ジーニアス・レッド 第十六話 家族(1)

 病院に運び込まれた時、身につけていた制服や靴は、証拠品として警察に押収されたまま、戻ってこない。退院の日、着るものがない、そんな雪代のために、父親は服を持って来た。その黒い、大きすぎるトレーナーと、色あせたジーンズを着て、彼女はベッドに腰かけていた。
 外に目をやると、空を覆う雲は厚く、雨がぽつぽつと降り出している。
 靴を父親が忘れたため、佐々木から入院中に差し入れてもらった、ピンク地に水玉の模様が入ったスリッパを履いて、雪代は帰るつもりだった。雨で濡れるだろうが、どうしようもない。

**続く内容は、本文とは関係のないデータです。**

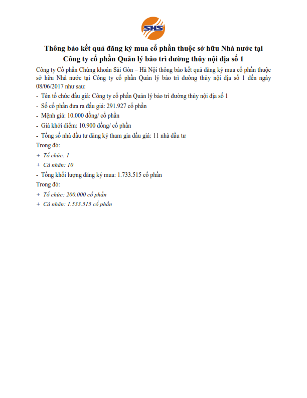 - Thông báo kết quả đấu giá cổ phần thuộc sở hữu Nhà nước tại Công ty cổ phần Quản lý bảo trì đường thủy nội địa số 1 - 14/06/2017

 かたわらには学校から届けられた、通学に使っている黒のバックパックがあった。その隣には、白いエナメルのバッグが置かれている。
 白いバッグは、駅のコインロッカーに雪代が隠し持っていたもので、男と待ち合わせる時に使っていた。派手な服と下着が数枚、そしてカツラやサンダルも入っていたが、化粧品や歯ブラシといったものを除いて、中味は全て、捨ててしまっていた。佐々木に鍵を渡し、取り出してもらったが、持ち帰っても二度と使うことはないだろう。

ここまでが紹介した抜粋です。